YOUR GOAL: In the records below, the relevant part opens with the line containing "Шлицевая отвертка STAHLWILLE" and closes with the line containing "昨日の雨で多くの葉が落ち、山"; print that part exactly and only, without its pictures.

*** DATA SUPPLIED ***

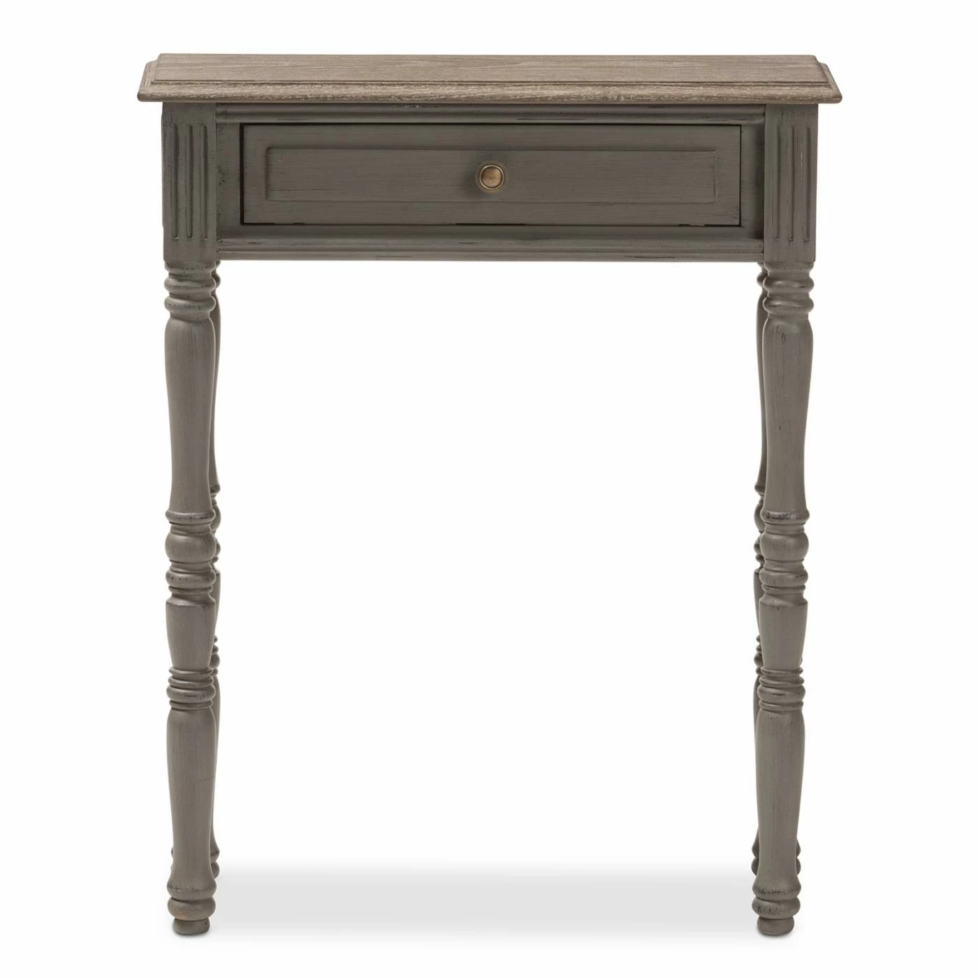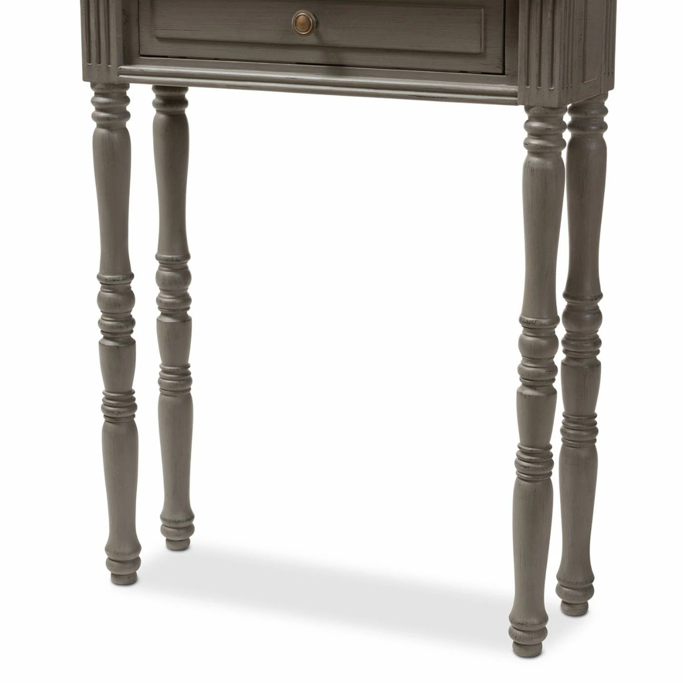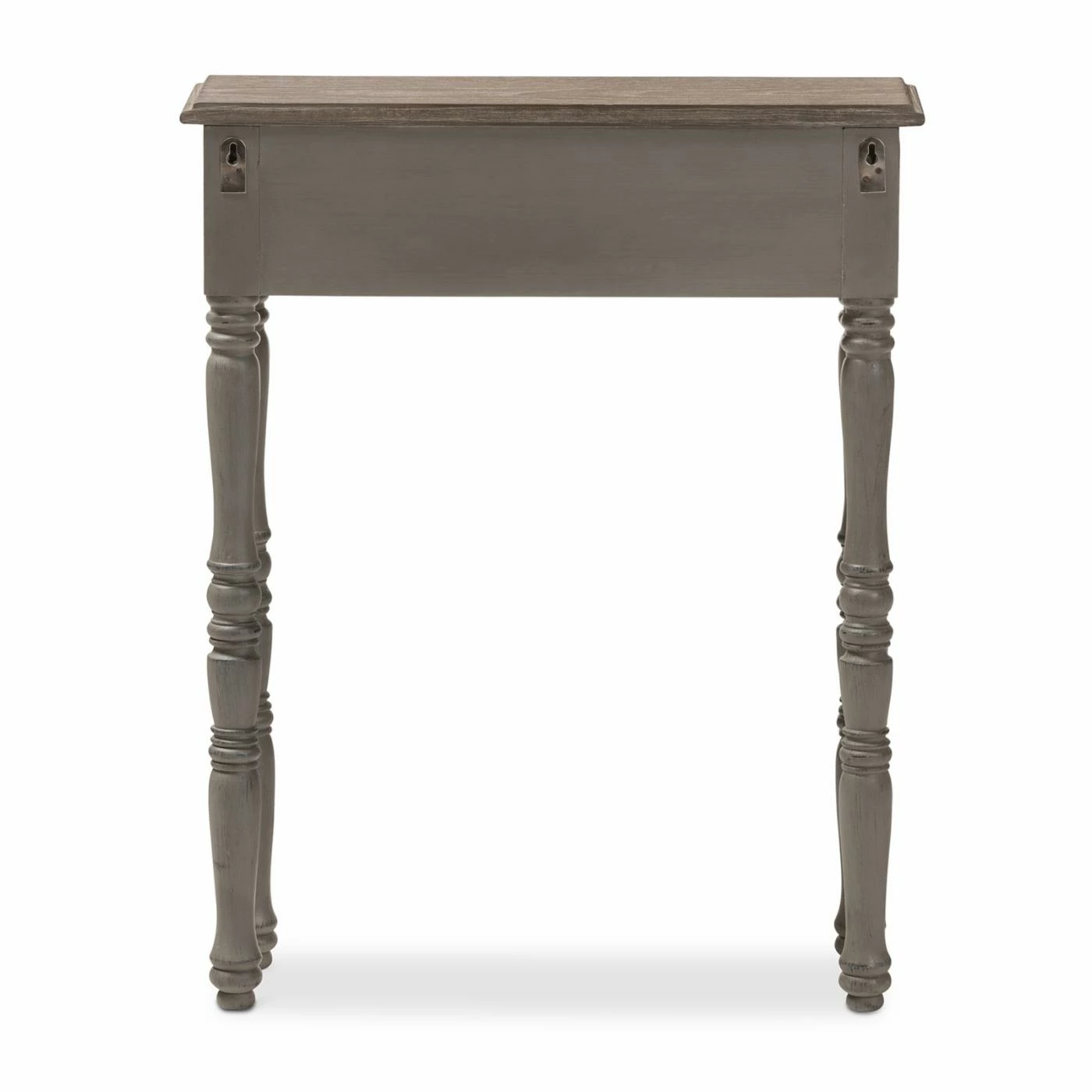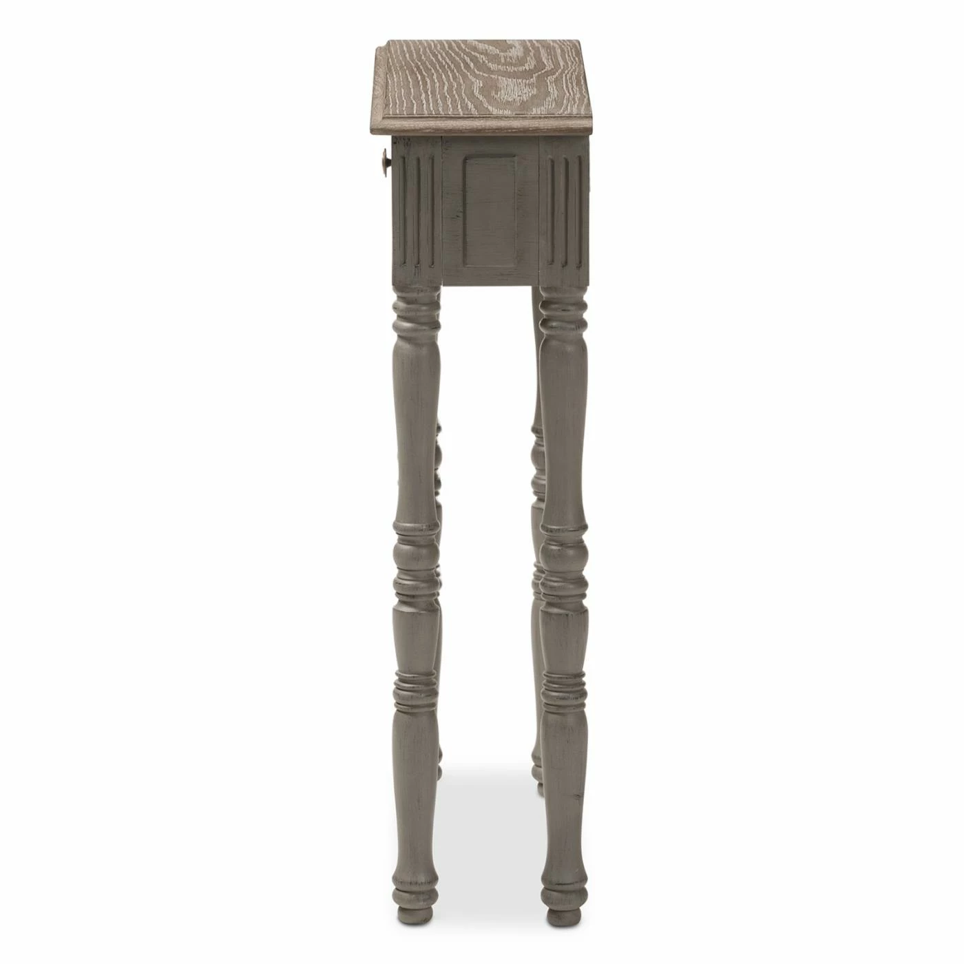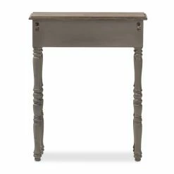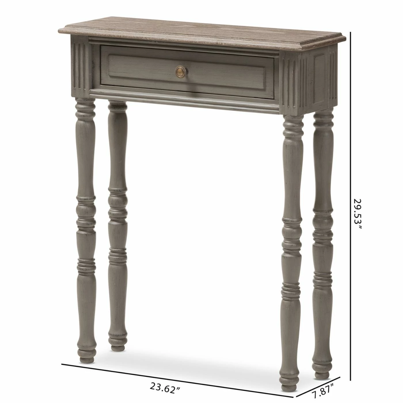 Antique charm radiates from the Baxton Studio Noemie 1 Drawer Cottage Console Table. This exquisite wooden console table boasts ornate ball-turned carving as well as a soothing gray finish. The single drawer offers convenient storage and is complete with a bronze metal pull.
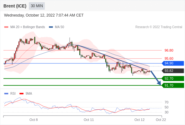 布伦特原油 (ICE)? (Z2)? 当日内: 被下降趋势线拖累。
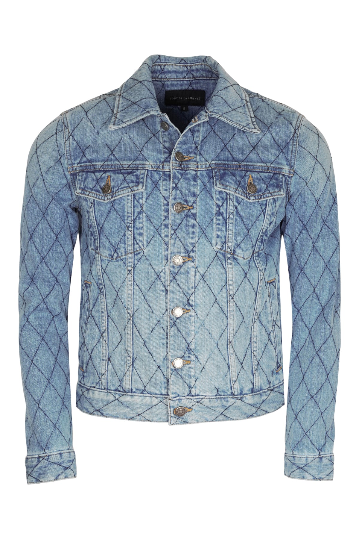 Trucker jacket with button front closure and button flap pockets. Crafted from a blend of 92% cotton, 6% elastomultiester, and 2% elastane for a comfortable and flexible fit. Premium European fabric. Made in the USA.
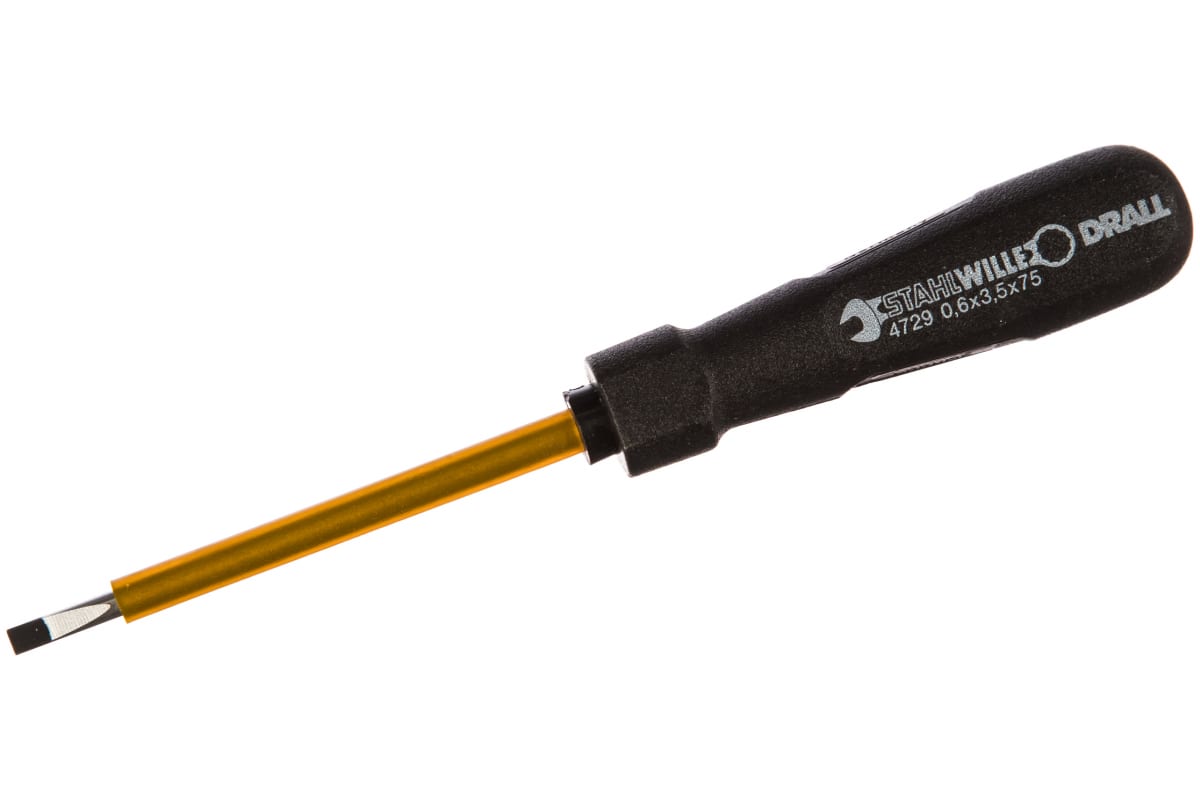Шлицевая отвертка STAHLWILLE 4729 2 0,6X3,5X75 47291035 предназначена для монтажа и демонтажа винтов с прямым шлицем. Стержень из прочной стали имеет оплетку. Жало оснащено матовым покрытием. Эргономичная пластиковая рукоятка не скользит в руке во время работы.
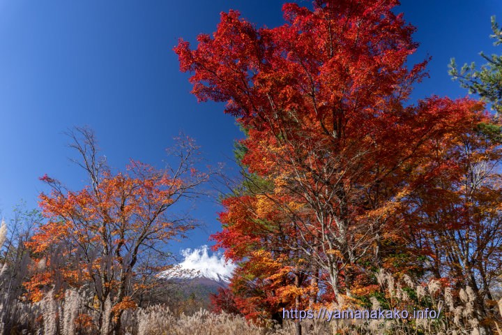 昨日の雨で多くの葉が落ち、山中湖周辺の紅葉は終盤となりましたが、写真のようにまだきれいに色付いている木も残っています。葉が落ちたらもう冬です。
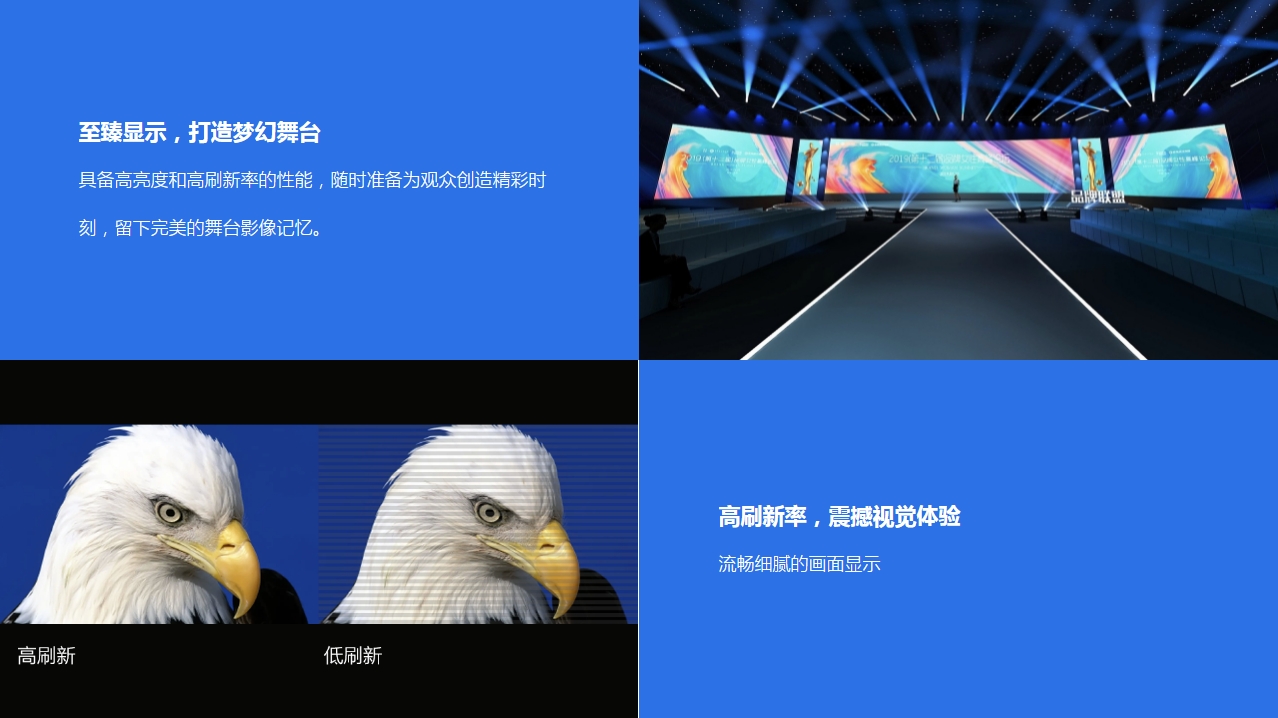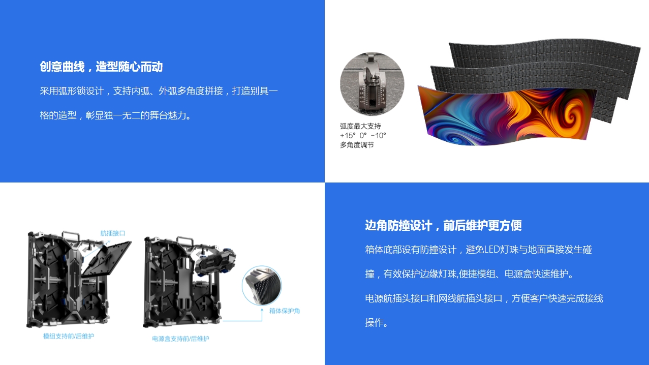 專為打造大舞臺而誕生,提供多種點間距產(chǎn)品滿足客戶搭建戶內/戶外大屏的需要。500*500mm短箱體靈活度高,方便打造各式舞臺造型;500*1000mm長箱體采用大尺寸設計,能夠幫助客戶在短時間內迅速完成屏幕搭建。采用輕量化設計理念,單人即可完成箱體拆裝操作。
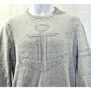 Nautica Sweater Pullover Crewneck Gray Raised Logo Mens Size S
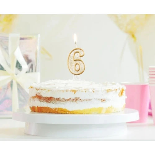 Arany csillámos 6-os Gold számgyertya, tortagyertya
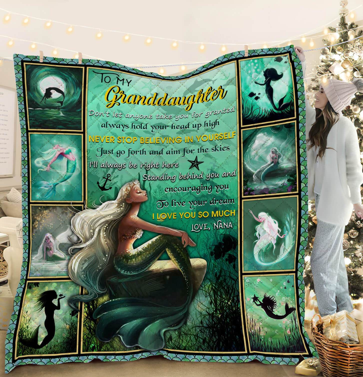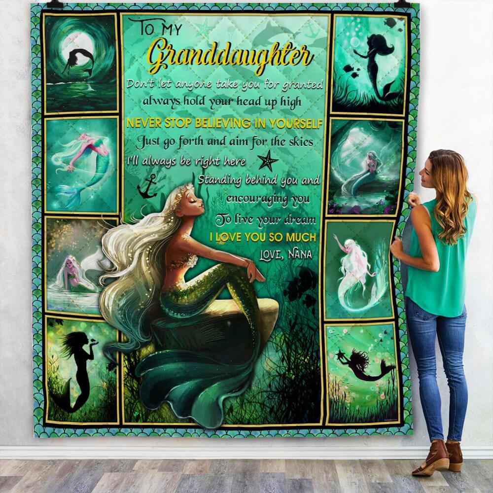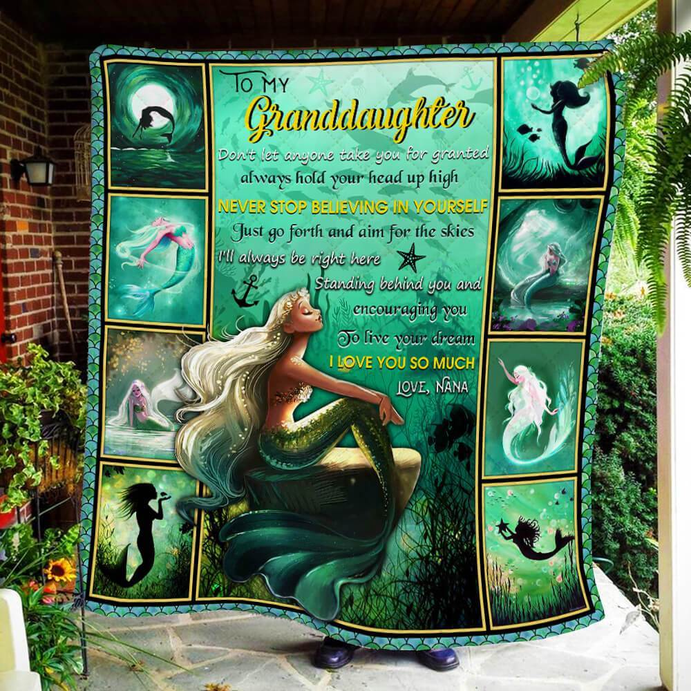 To My Granddaughter, Mermaid, Love Nana Quilt Blanket

*** End of DATA SUPPLIED ***

RESPONSE TO THIS TASK:
Шлицевая отвертка STAHLWILLE 4729 2 0,6X3,5X75 47291035 предназначена для монтажа и демонтажа винтов с прямым шлицем. Стержень из прочной стали имеет оплетку. Жало оснащено матовым покрытием. Эргономичная пластиковая рукоятка не скользит в руке во время работы.
 昨日の雨で多くの葉が落ち、山中湖周辺の紅葉は終盤となりましたが、写真のようにまだきれいに色付いている木も残っています。葉が落ちたらもう冬です。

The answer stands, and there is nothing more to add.